Africa is a hotbed full of opportunities. We are no longer waiting for the government to create solutions for our problems, instead we are creating startups and implementing plans and structures that work. We have been given different platforms that are willing to fund solutions that are sure to be useful. One of the most popular platforms that have been helping startups and particularly engineers is the Royal Academy of Engineering. The academy facilitates startups that need to push their businesses and have the right technology and team on board.
One of the most impressive engineers that presented his startup was a 27-year-old Nigerian systems engineer that won the Royal Academy of Engineering Africa Prize for Engineering innovation. His presentation was simple yet very powerful at the same. He designed Tuteria, an online platform that links students to qualified tutors in their area and within their budget. Users can learn anything from a language to Mathematics. He stated that all the tutors are rated by the clients and before the tutors teach they are usually analyzed and go through a thorough evaluation.

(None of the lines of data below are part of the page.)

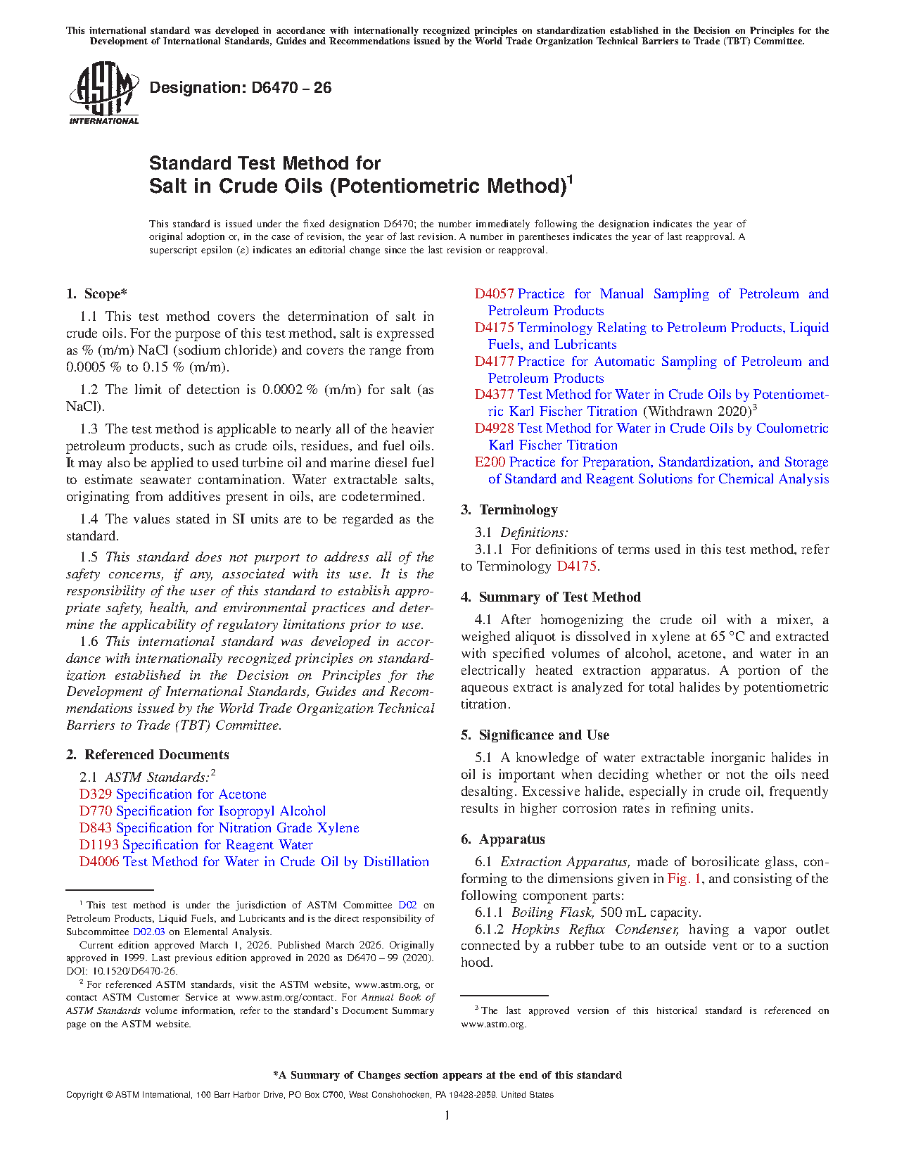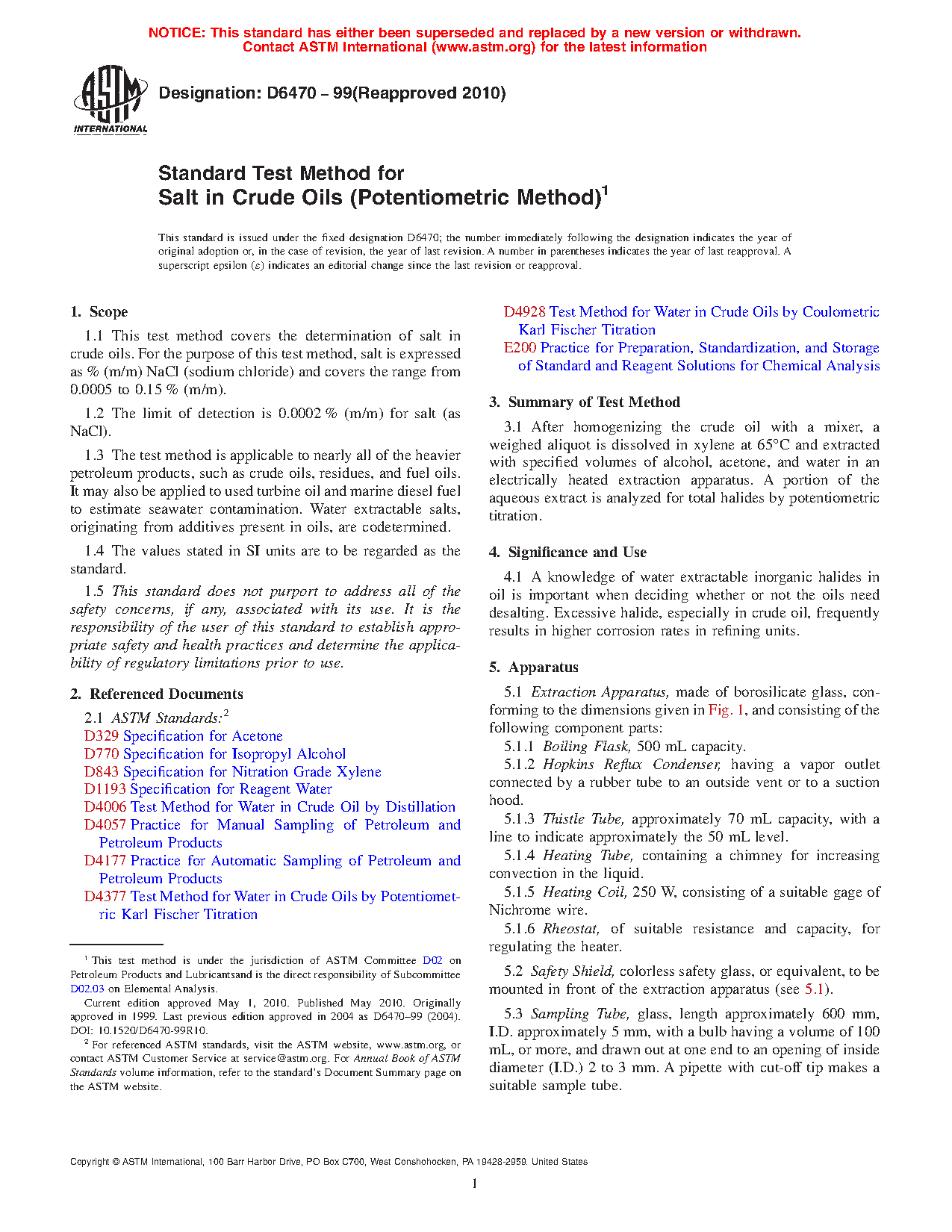 1.3 The test method is applicable to nearly all of the heavier petroleum products, such as crude oils, residues, and fuel oils. It may also be applied to used turbine oil and marine diesel fuel to estimate seawater contamination. Water extractable salts, originating from additives present in oils, are codetermined.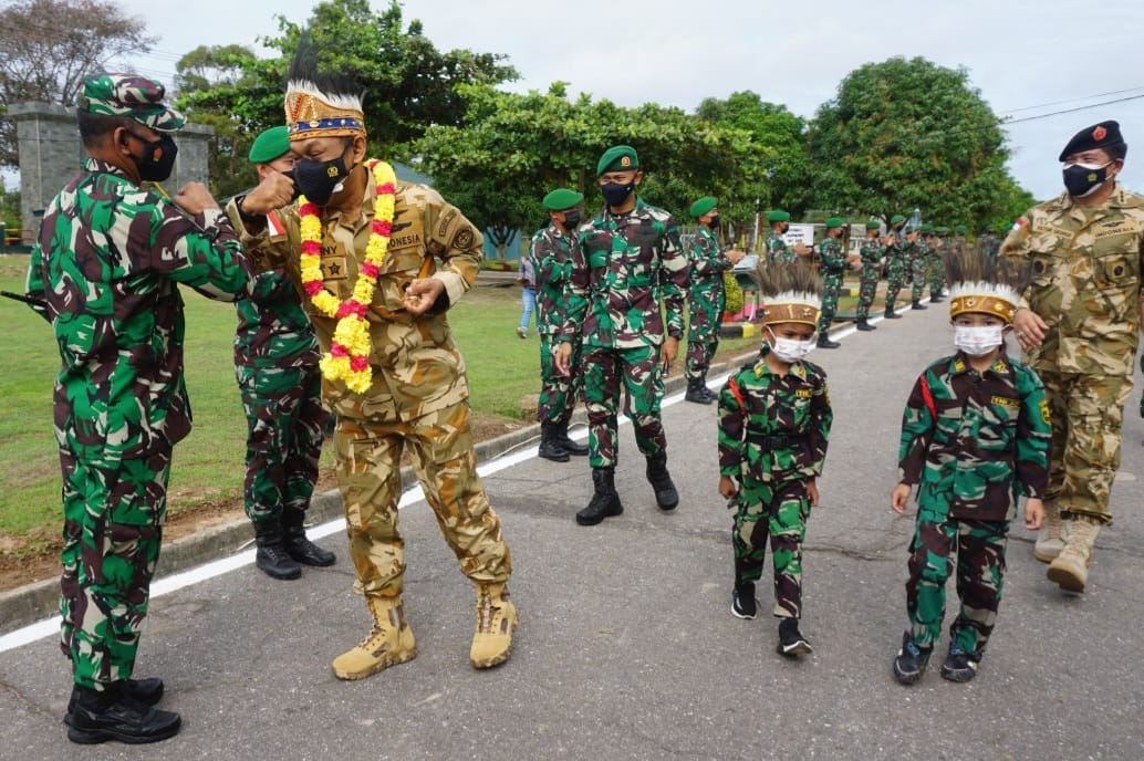 Saat kunjung kerja di Detasemen Zeni Tempur (Denzipur) 11/MA, Komandan PMPP TNI beserta rombongan menerima jajar kehormatan dan disambut dengan tarian adat.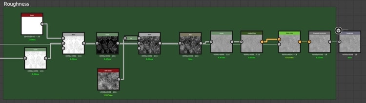 For the roughness, we use the AO map as a base, and we then use a combination of levels, blends, and background noise to generate the roughness map.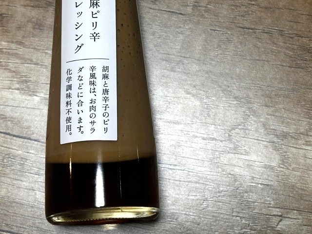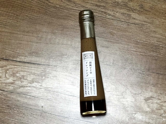 高級感漂うお洒落なボトルに入った「胡麻ピリ辛ドレッシング」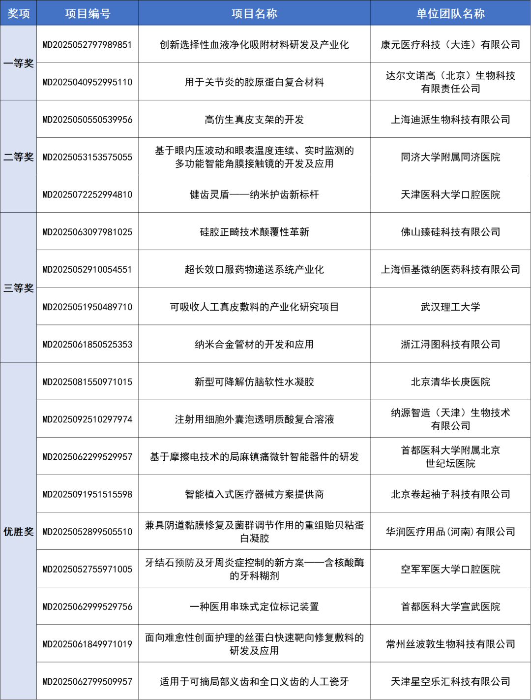 最终本场高值医用耗材类别赛评选出了一等奖2名、二等奖2名、三等奖4名、优胜奖10名。

At the award ceremony which was held in Nairobi, Kenya on 23rd May 2017, the four finalists delivered presentations and were then judged by a live audience and four Africa Prize judges. The three runners up were from Kenya, Nigeria, Uganda, South Africa. Mr. Benson said he was inspired to build this startup after one of his friends son had issues with his classes in schools and getting a tutor was a tedious process. Tutors are paid once the lessons have been confirmed while Tuteria takes 15 to 30% commission for each paid lesson.

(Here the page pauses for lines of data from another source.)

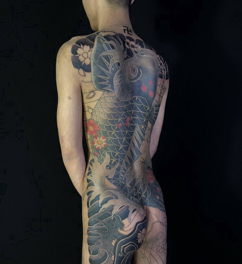 当前位置: 首页 >河北省石家庄市纹身店-衡水墨云刺青艺术会所纹身图案>传统鱼满背纹身图片_背部老传统鱼纹身图案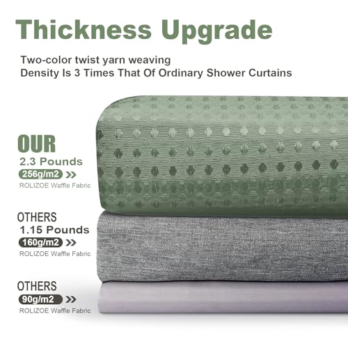 ROLIZOE Green Shower Curtain – 256GSM Luxury Weighted Waffle Textured Heavy Duty Thick Fabric Shower Curtains with Stainless Steel Hooks for Bathroom, Superior Water Resistant, 183W x 183H, Green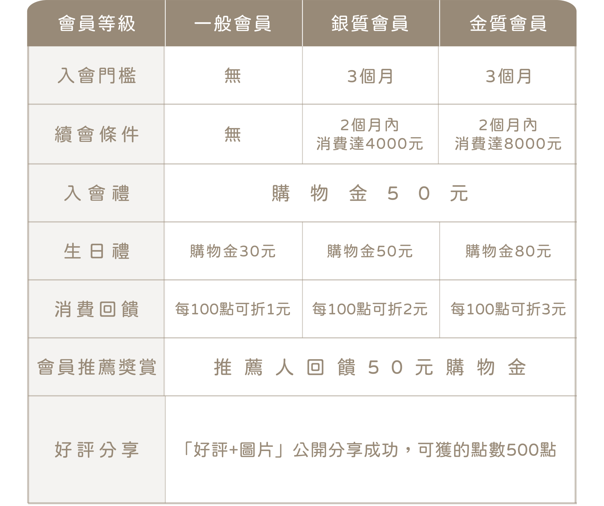 • 升等資格:兩個月內消費累計滿NT$4,000元(含) 即可升等為銀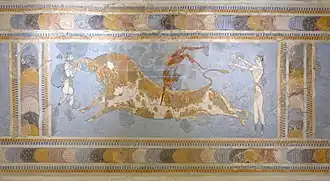 El Fresco de los boxeadores de Akrotiri, descubierto en 1967, es un fresco que muestra a dos niños que llevan guantes de boxeo y cinturones, realizado durante la Edad del Bronce, hacia 1700-1650 a. C. Entre 1639 y 1550 a. C., un desastroso terremoto, seguido por una fuerte erupción volcánica, cubrió la ciudad de Acrotiri con una gruesa capa de piedra pómez y ceniza, lo que resultó en la notable conservación de los frescos que adornaban múltiples edificios, incluyendo el Fresco de los boxeadores. Este fresco en particular fue descubierto en la habitación B1 del edificio Beta junto con el Fresco de los antílopes.[1] Las cabezas rasuradas dejando algunos mechones largos indican la juventud de los chiquillos, mientras su tono de piel rojizo indica su género.[2] El chico de la derecha está completamente desnudo excepto un cinturón, mientras que el chico a la izquierda porta joyas: pendientes de oro, collar, brazaletes y una tobillera todos de cuentas azules; un probable marcador de un estatus superior. Las figuras tienen una altura ligeramente superior al natural, con 1,75 m. Para crear tales frescos vibrantes, se aplicaba un suave enlucido a las paredes sobre el que después se pintaba. Es inseguro si se trata de una competición o simplemente entrenamiento.
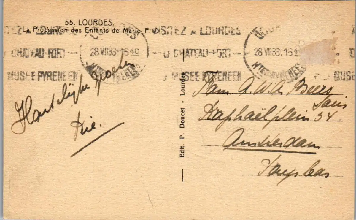 38512 - Frankreich - Lourdes , La Procession des Enfants de Marie P. D. - gelaufen 1933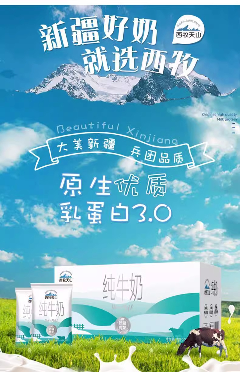 西牧天山利乐枕纯牛奶20袋*200ml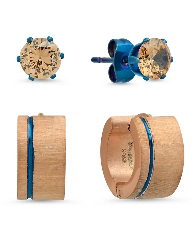 Steeltime Women's Stainless Steel 2 Pieces Simulated Diamond Stud and Simulated Diamond Huggie Earrings Set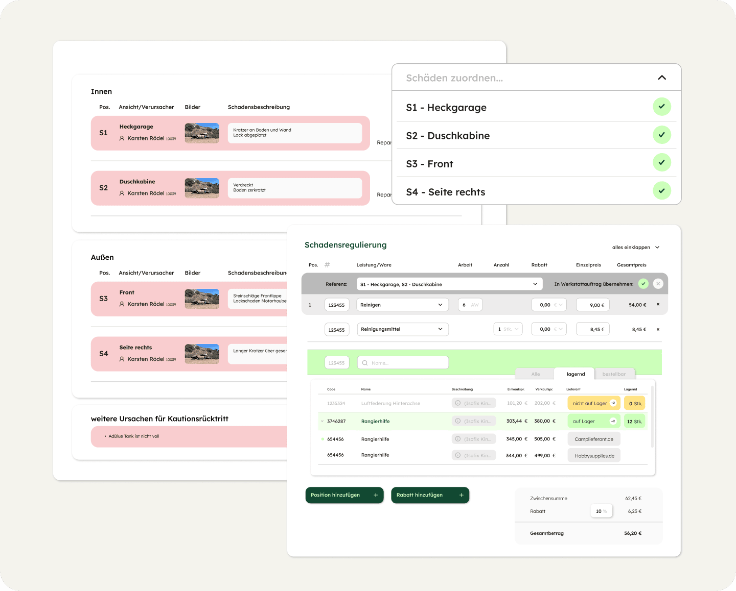 Das Werkstattmodul ist eng mit Vermietung verzahnt. Ein leider häufig auftretender Fall ist die Beschädigung von Fahrzeugen innerhalb der Vermietung. Campware.io erlaubt nicht nur, die Schadenreparatur digital zu steuern: Schon bei der digitalen Erstellung des Rücknahmeprotokolls stellt campware.io einen Schaden fest. Infolgedessen wird die hinterlegte Kaution des Mieters blockiert, der Servicemitarbeiter erhält den Auftrag, den Schaden zu bewerten. Im Zuge der Schadensbewertung erstellt dieser einen Werkstattauftrag und disponiert die entsprechenden Teile aus der Warenwirtschaft und die Werkstattmitarbeiter zur Umsetzung. Die Rechnung für die Schadensreparatur wird direkt aus dem Werkstattauftrag erstellt und mit dem Kunden verknüpft. Dies erlaubt eine direkte Verrechnung mit der hinterlegten Kaution. Hat der Mieter eine Reiseversicherung abgeschlossen, kann aus der Schadensbewertung automatisch eine Meldung an die Versicherung sowie eine Abtretungserklärung gesendet werden.
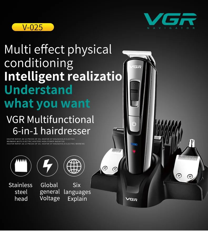 VGR 5-in-1 hair clipper Nose hair cleaner Shaver Cleanser Shaving device for a family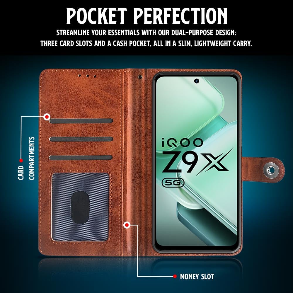 Shock Proof Flip Cover Back Case for Iqoo Z9X 5G | Magnetic Wallet Leather Case with Stand

For a period of 6 months sixteen shortlisted Africa Prize entrants from different African countries received training and mentoring which they learned to develop business plans and market their innovations. Although Godwin’s Tuteria was probably the best because it is a startup that can penetrate through the African market and change the way Nigerian and Africans share knowledge. As his first prize win, he got £25,000. While the runners up got £10,000.

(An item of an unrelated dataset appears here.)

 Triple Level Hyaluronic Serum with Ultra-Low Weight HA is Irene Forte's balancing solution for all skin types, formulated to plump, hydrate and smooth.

The three runners up were:
- Andre Nel from South Africa for the GreenTower Microgrid system, which reduces the energy used to heat water by 90%. A single unit can service 15 homes and reduce electricity demand from a community by 65%.
- Hindu Nabulumba from Uganda for the Yaaka Digital Learning Network, which teachers and students can use to share academic knowledge and materials.
- Kelvin Gacheru from Kenya for the Mobi-Water system, which allows water tank users to monitor and control the water in their tanks remotely using a mobile phone. Users will be able to save more than 30% of their water.